The peptide’s anti-inflammatory properties make it particularly valuable for conditions characterized by cytokine-driven tissue damage. In sarcoidosis and metabolic disease-associated neuropathies, ARA-290 helps limit ongoing tissue deterioration while supporting functional recovery. Australian researchers have noted promising results in stabilizing inflammatory cascades that typically perpetuate these conditions. Additionally, ARA-290’s role in promoting angiogenesis enhances the delivery of vital nutrients and oxygen to damaged tissues, further supporting recovery.
| Domain | Observed/targeted effect | Example settings |
|---|---|---|
| Neuropathic symptoms | Pain reduction, sensory improvement | Small-fiber neuropathy |
| Inflammatory injury | Cytokine dampening, tissue protection | Sarcoidosis, metabolic disease |
Beyond these primary applications, ARA-290 shows promise for corneal nerve dysfunction and post-ischemic tissue stress. Australian clinical investigations focus on measuring improvements in nerve integrity, symptom relief, and preservation of microvascular function.
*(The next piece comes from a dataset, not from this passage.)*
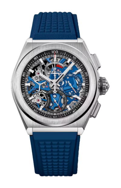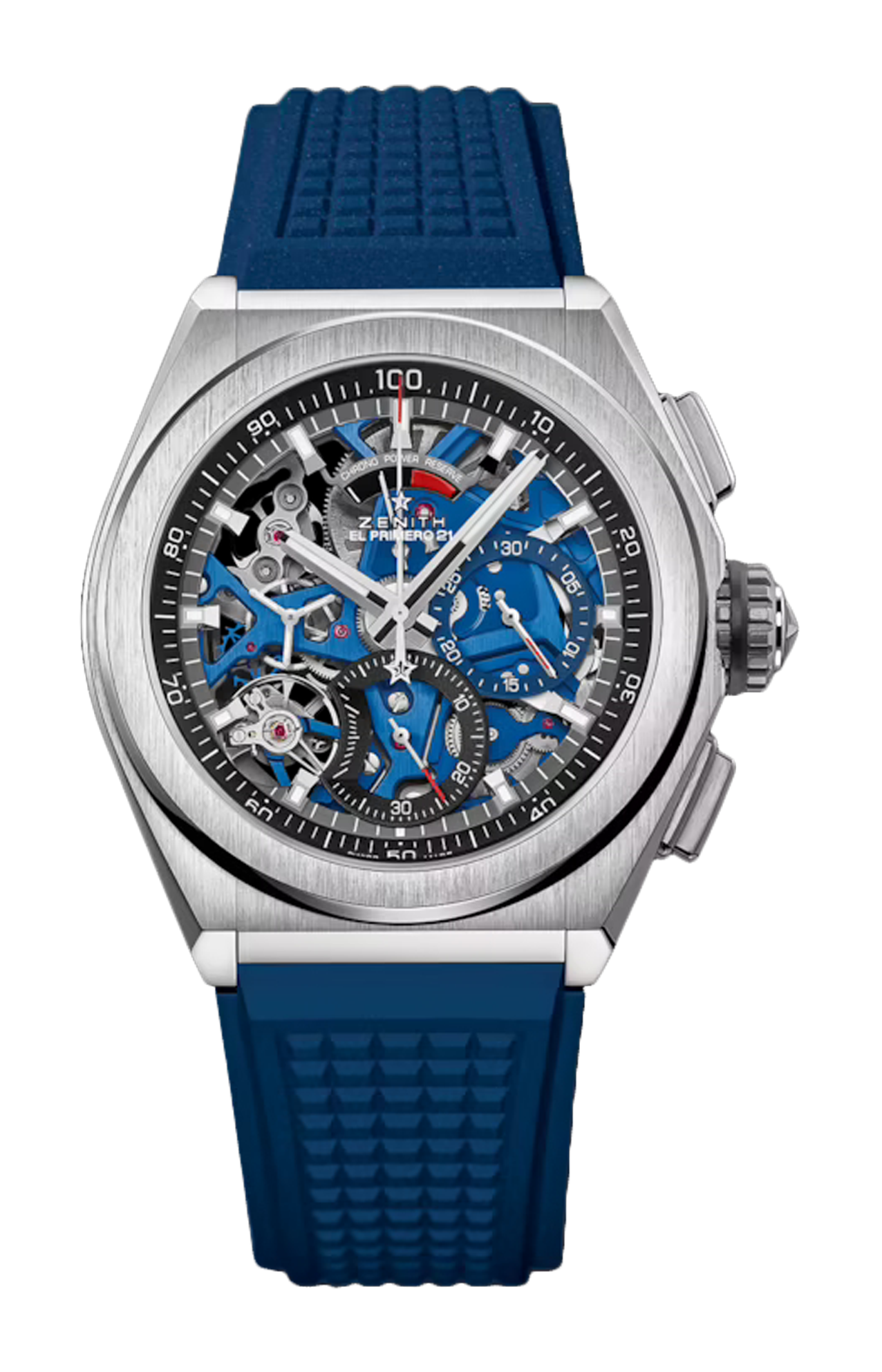 IL CRONOGRAFO AD ALTA FREQUENZA EL PRIMERO 21 CON PRECISIONE AL 1/100 DI SECONDO CON CASSA DEFY DA 44 MM IN TITANIO ABBINATO A UN CINTURINO IN CAUCCIÙ BLU TESTURIZZATO. IL SUO MOVIMENTO AUTOMATICO BLU VANTA DUE SCAPPAMENTI INDIPENDENTI CHE OSCILLANO ALL’INCREDIBILE FREQUENZA DI 50 HZ PER LA FUNZIONE CRONOGRAFO E DI 5 HZ PER IL CRONOMETRAGGIO.

Unlike many peptides, ARA-290 is not positioned as an anabolic or hematopoietic agent, making its therapeutic profile distinct. Assessment protocols typically monitor intraepidermal nerve fiber density, autonomic function testing, and inflammatory biomarkers to quantify meaningful clinical improvements.
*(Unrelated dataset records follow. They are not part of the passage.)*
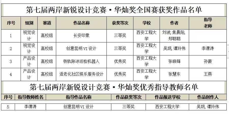 第七届两岸新锐设计竞赛,华灿奖颁奖仪式,4月2日以线上线下相结合的方式举办,海峡两岸共计33153件作品参赛再创新高。本届竞赛还组织了“中国高等教育博览会”“北京礼物”“华灿运河·吴门望亭”“蒲公英中学‘学校即博物馆’文创产品”等定向主题的作品征集,帮助设计作品更好与产业融合,实现市场转化。本届华夏奖以“融·合”为主题,海峡两岸及港澳地区参赛作品33153件,较去年增长185%,参赛类别有视觉传达设计、数字多媒体设计、产品设计、工艺美术、空间设计等,经过海峡两岸及港澳地区的专业评委,产业评委评审,共计评出获奖作品911件,其中我校suncitygroup太阳新城17级产品设计专业学生刘波、焦晨阳、郑聪聪的《长安印象》作品获视觉组三等奖;视觉传达设计专业学生吴玥、谭玲伟的作品《创意昆明VI设计》(指导教师:李渭涛)获视觉组三等奖;工业设计专业学生张晓锋《铁轨除冰巡检机器人》作品(指导教师:孙薇)获产品设计组优秀奖;产品设计专业张慧东作品《适老化社区娱乐服务设计》(指导教师:王燕)获产品设计组优秀奖;李渭涛老师获优秀指导教师奖,为我校获得荣誉。
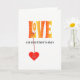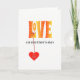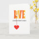 Ce design moderne et lumineux a LOVE en lettres majuscules orange-jaune avec un motif de fleurs blanches, et il y a un coeur rouge-orange pendent de L. Vous pouvez personnaliser cette carte en modifiant le texte sur le coeur, et à l'intérieur modifier le message aussi. Ou si vous préférez, vous pouvez simplement utiliser la suggestion "À la meilleure mère dans le monde". Envoie l'AMOUR le jour de la Mère.
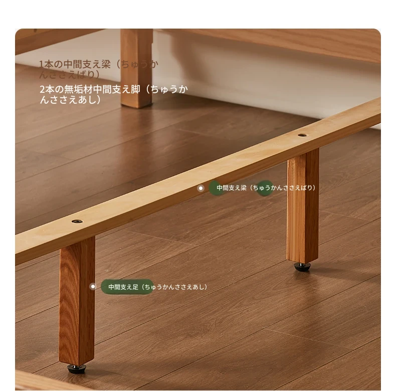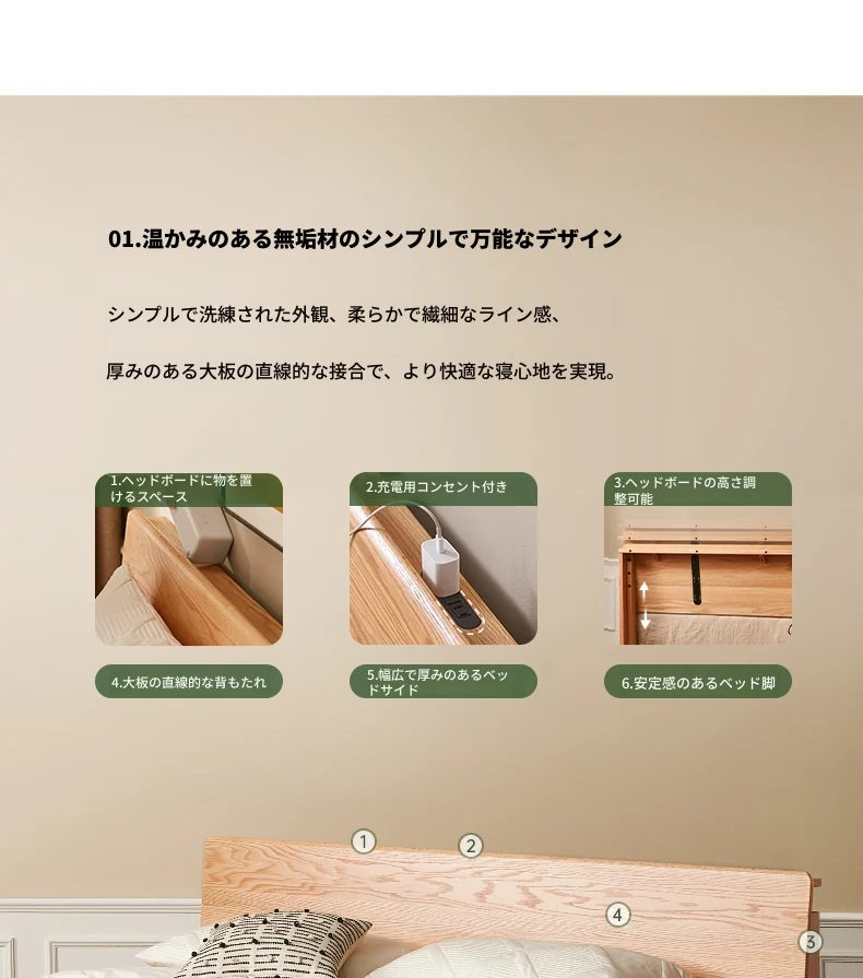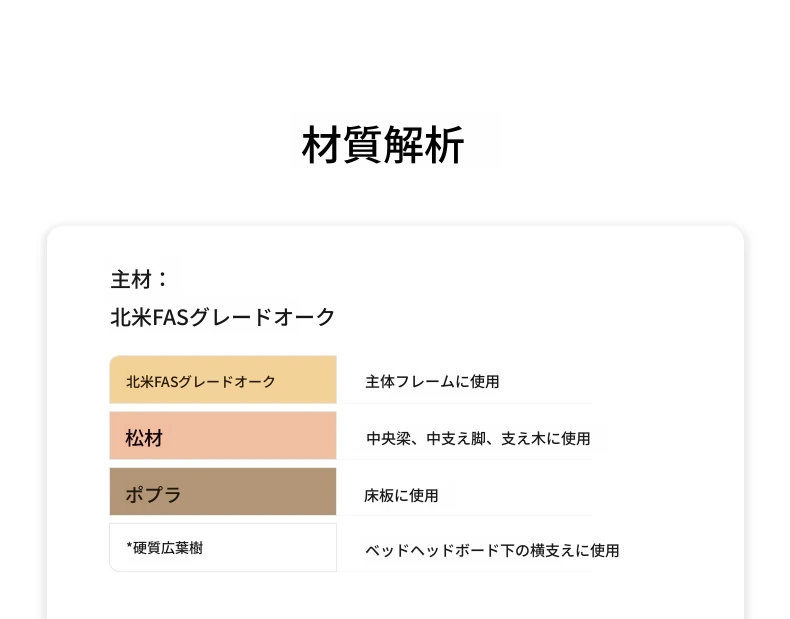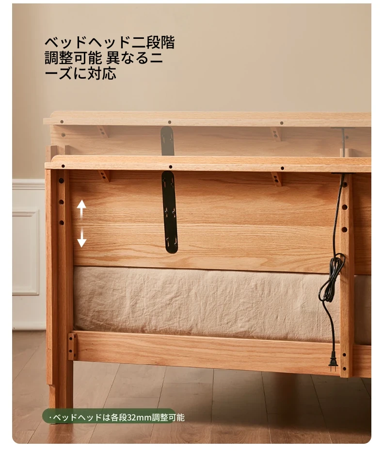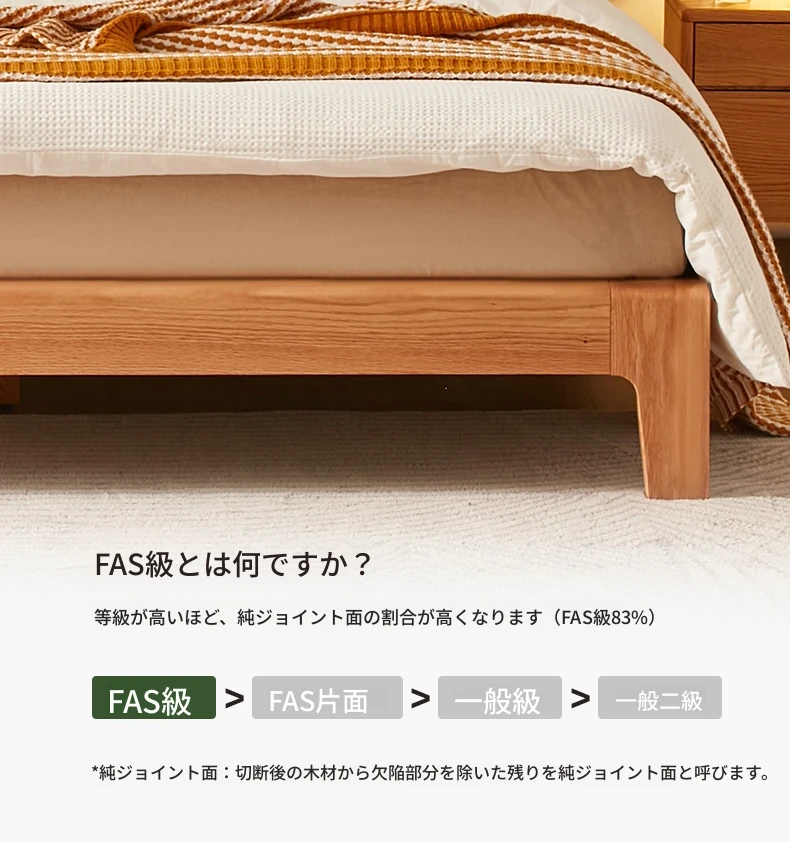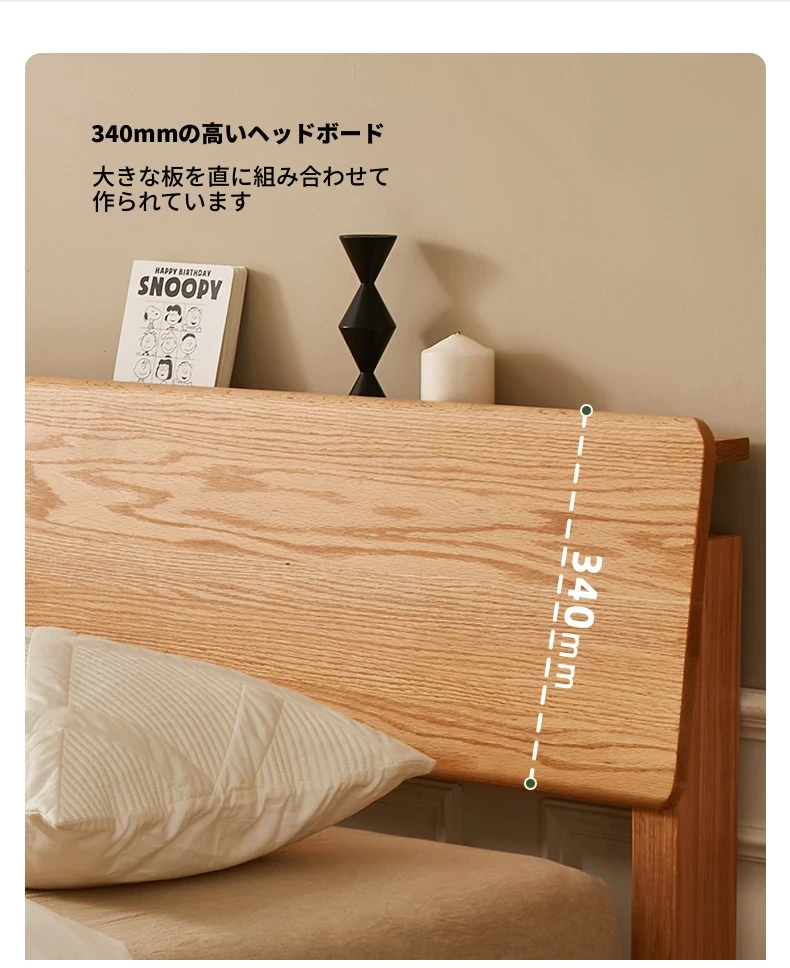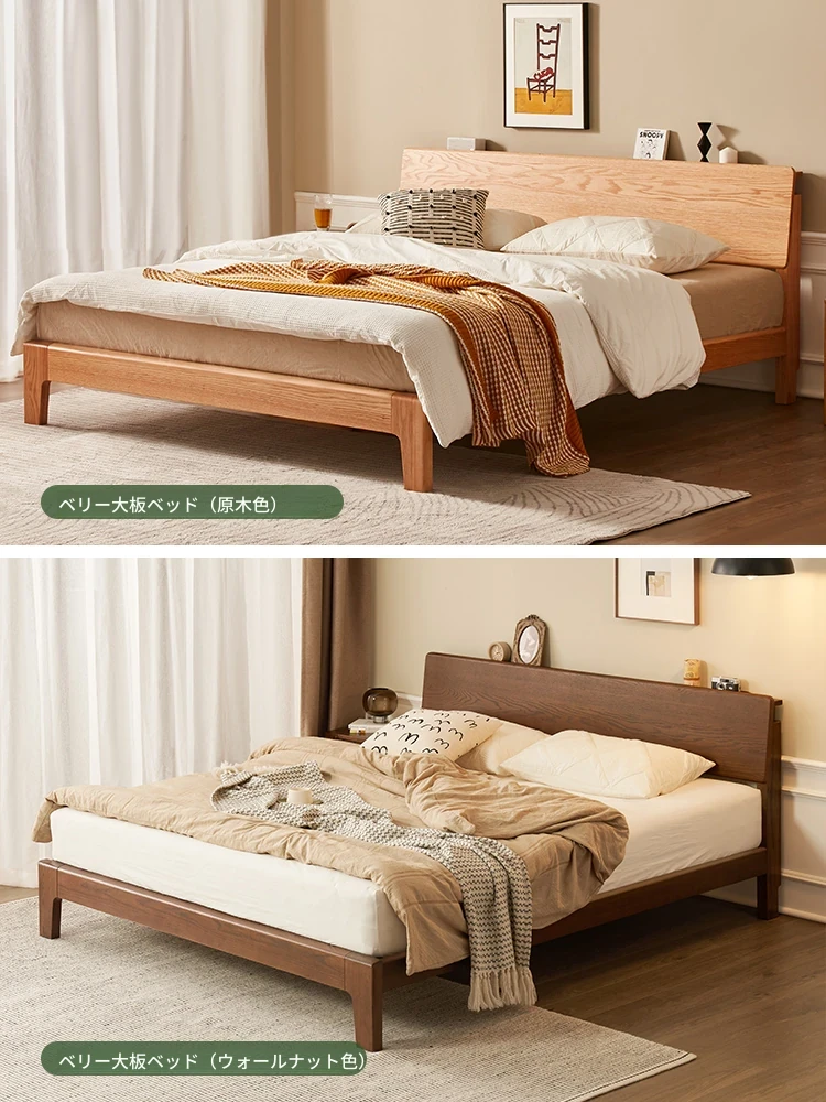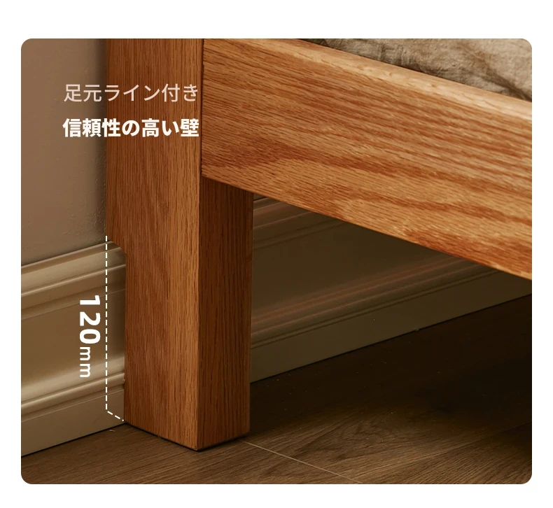 原木風オークの二人用ベッド - 北欧モダンの全実木デザインで、シンプル且つスタイリッシュ!小スペースにもぴったりな寝室家具。上質な眠りをお届けします。

Synergistic Protocols & Stacks
The Neuropathy Repair Stack provides optimal synergy with ARA-290 by maintaining stable foundational measures while introducing complementary agents. This protocol combines ARA-290’s tissue-protective properties with alpha-lipoic acid (600mg daily) and high-dose B-vitamins (particularly B1, B6, and B12) to support nerve regeneration pathways.
Patients continue with strict glycemic control while incorporating Lion’s Mane mushroom extract (1000mg twice daily) for neurotrophic factor production. Low-dose naltrexone (4.5mg at bedtime) may be added after 4 weeks if inflammatory markers remain elevated.
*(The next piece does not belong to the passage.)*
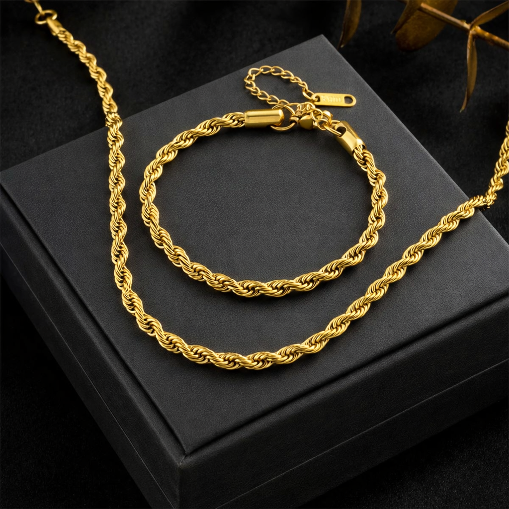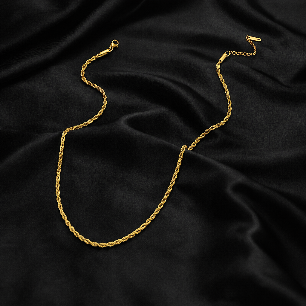 Ten naszyjnik wyróżnia się klasycznym, wyrazistym designem o ponadczasowym charakterze. Wykonany jest w formie skręcanego łańcuszka typu kordel, w którym kilka cienkich splotów zostało spiralnie ze sobą połączonych. Tworzy to charakterystyczną, „linową” strukturę, odbijającą światło pod różnymi kątami i nadającą biżuterii dynamiczny, luksusowy połysk.

The protocol emphasizes morning ARA-290 administration followed by gentle nerve-gliding exercises, with evening doses of magnesium threonate (2000mg) to support nerve membrane stability. Clinicians monitor nerve conduction studies at baseline, 6 weeks and 12 weeks, with protocol adjustments based on objective measures rather than symptom reporting alone.
This stack specifically avoids high-dose gabapentinoids which may mask functional improvements in peripheral sensitivity. Additionally, this approach is aligned with the principles of modulating immunity to enhance overall health and recovery.
Buying in Australia: Legal & Market Realities
ARA-290 (cibinetide) is classified as a Schedule 4 (S4) prescription-only medicine in Australia, meaning legal access requires a valid prescription from a registered medical practitioner.
The Therapeutic Goods Administration (TGA) has not approved this peptide for regular therapeutic use, limiting legitimate supply channels to three pathways: participation in authorized clinical trials, through the Special Access Scheme (Category A or B), or via an Authorized Prescriber.
Compounding pharmacies can legally prepare ARA-290 only when a specific patient presents with a valid prescription from a doctor who has determined a clinical need.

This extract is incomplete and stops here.